Segment Start: Extracted material
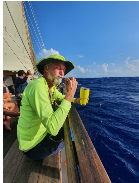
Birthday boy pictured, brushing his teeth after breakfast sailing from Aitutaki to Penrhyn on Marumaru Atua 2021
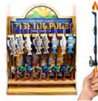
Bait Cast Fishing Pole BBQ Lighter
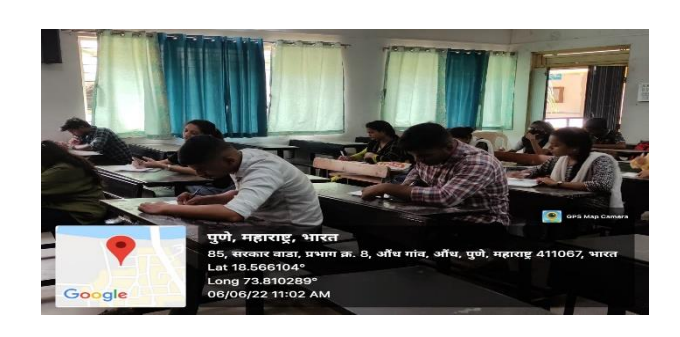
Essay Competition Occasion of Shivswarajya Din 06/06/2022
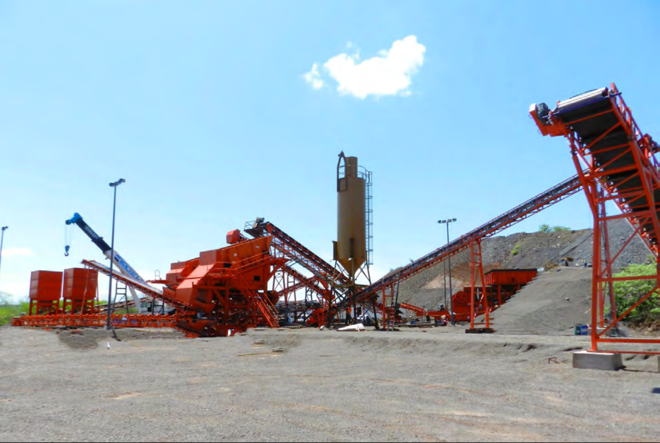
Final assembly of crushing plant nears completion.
Segment End: Extracted material
Segment Start: Extracted material
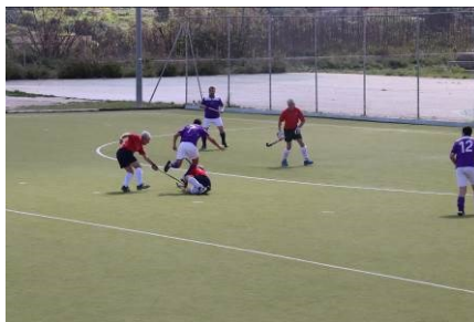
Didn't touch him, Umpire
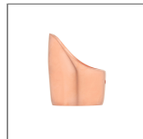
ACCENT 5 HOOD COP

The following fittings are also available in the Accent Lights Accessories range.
Segment End: Extracted material
Try it:
Output exactly those lines of the data above that run from the line with "Didn't touch him, Umpire" up to and including the line with "The following fittings". No pictures go in.

The completed task:
Didn't touch him, Umpire
ACCENT 5 HOOD COP

The following fittings are also available in the Accent Lights Accessories range.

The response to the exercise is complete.